The Cavill family of Australia is known for its significant contributions to the development of the sport of swimming.

Prominent family members in the sport include Frederick Cavill (1839-1927), sons Ernest Cavill (1868-1935), Charles Claude Cavill (1870 - 1897), Percy Frederick Cavill (1875-1940), Arthur Rowland Channel (Tums) Cavill (1877 - 1914), who is credited by sports journalist W.F. Corbett with originating the Australian crawl stroke, which now predominates in "freestyle" swimming races; and Sydney St.
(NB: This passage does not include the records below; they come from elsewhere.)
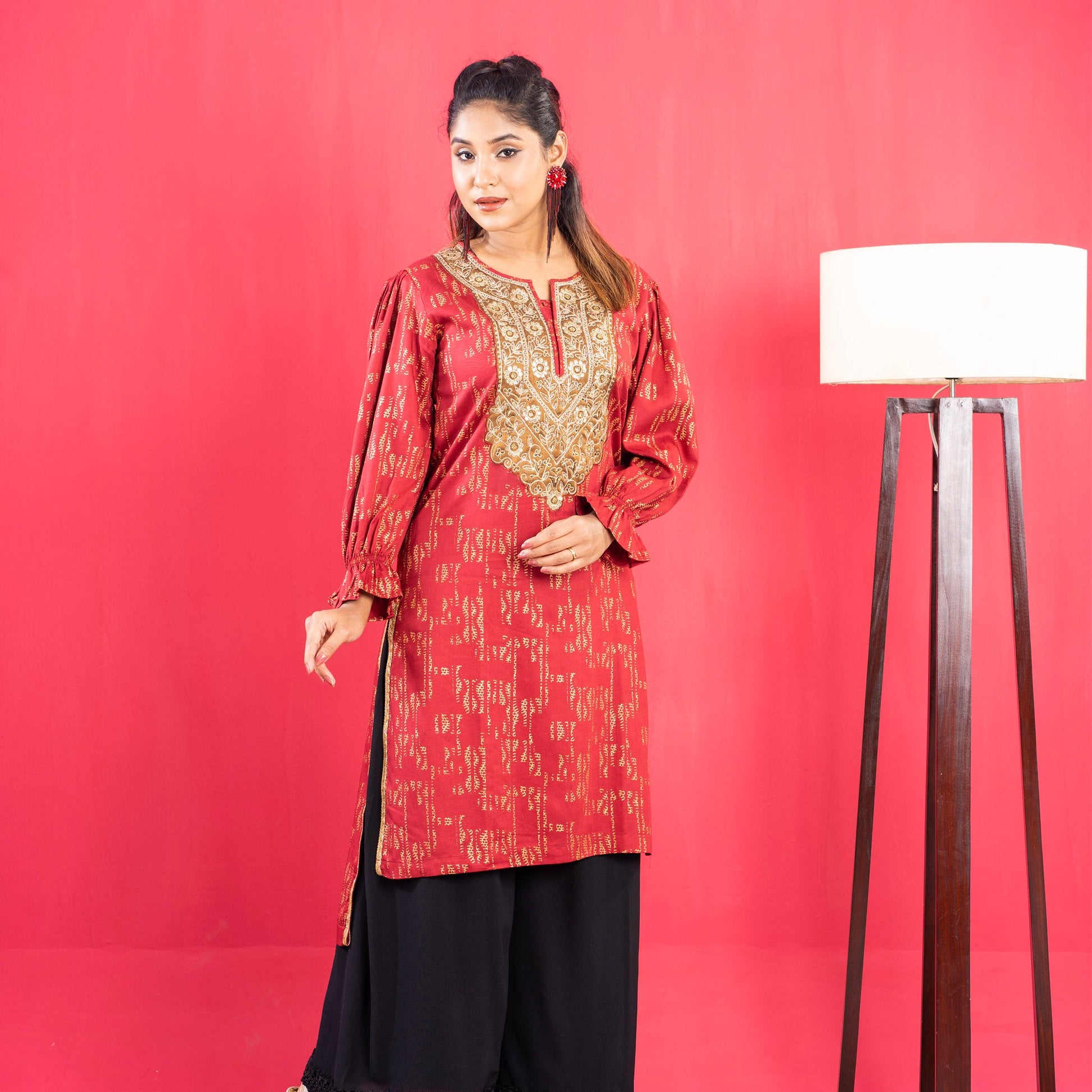 This Ladies Premium Kurti In Maroon Is Crafted From High-Quality Fabric And Features A Bishop Flounce Sleeve, Heavy Embroidery At The Neck, And All-Over Print On The Body. The Unique Design Makes It Perfect For Special Occasions Or Everyday Wear.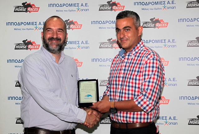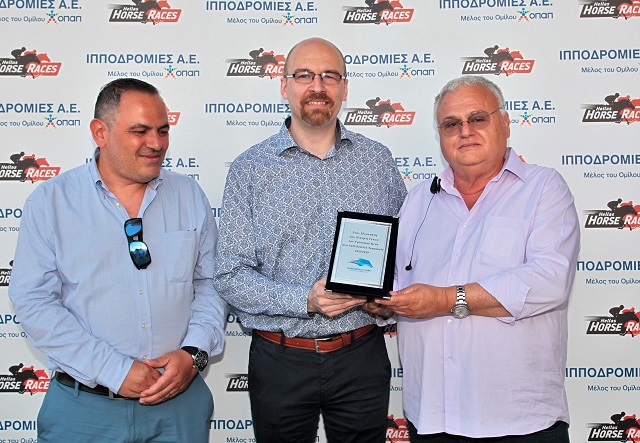 O Chief Technology Officer του ΟΠΑΠ, Michele Fusella και ο Applications Director του ΟΠΑΠ, Στρατής Βαλαβάνης απονέμουν το Τρόπαιο ΚΙΝΟ ΣΤΑ SELF SERVICE TERMINALS στον ιδιοκτήτη του ίππου ΣΠΑΡΤΗ Δημήτρη Παρασκευόπουλο.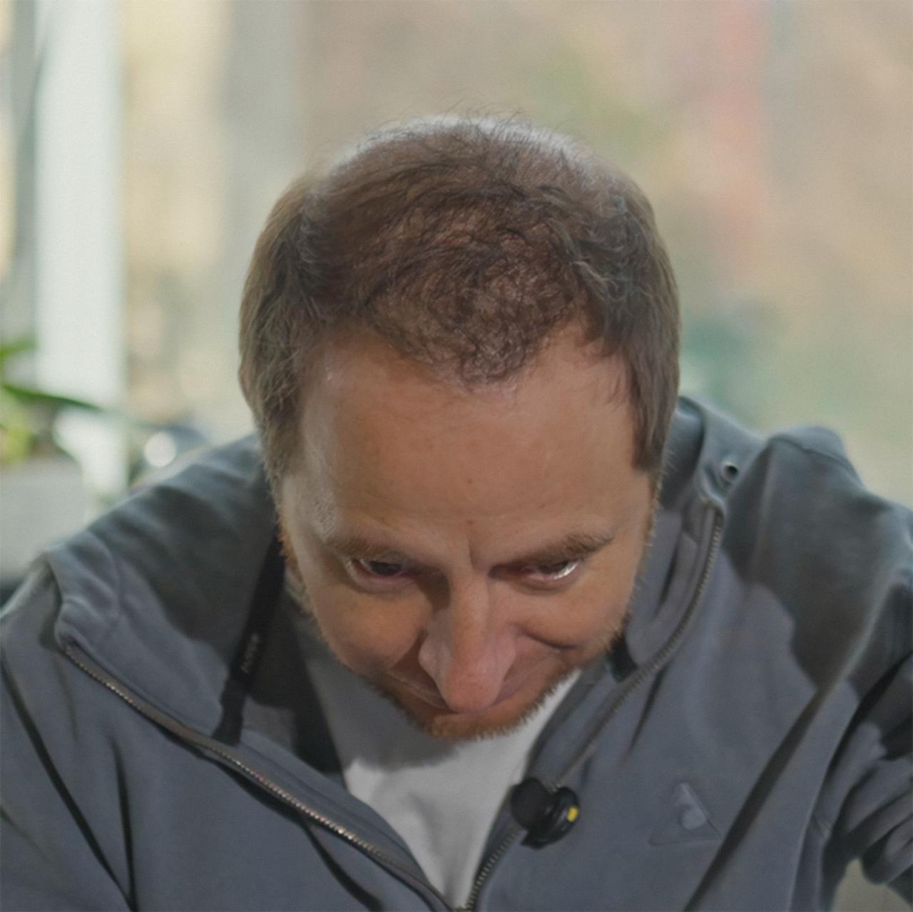 “Le propusimos una cirugía de implante capilar con técnica FUSS para optimizar su área donante, considerando una posible segunda cirugía. Con 3.500 folículos, cubrimos aproximadamente entre el 50% y 60% del área afectada. Actualmente, está en un 60% del crecimiento esperado, y en seis meses debería lograr una densidad aún mayor”.

Leonards Cavill ("Sid") (1881 - 1945), was the originator of the butterfly stroke.  Youngest son Richmond (Dick) Theophilus Cavill (1884-1938) was the first to use the crawl in a competition, winning 100 yards State championship in 1899; and in England, in 1902, he was the first to swim 100 yards in under a minute.

Six members of the family were jointly inducted into the International Swimming Hall of Fame in 1970.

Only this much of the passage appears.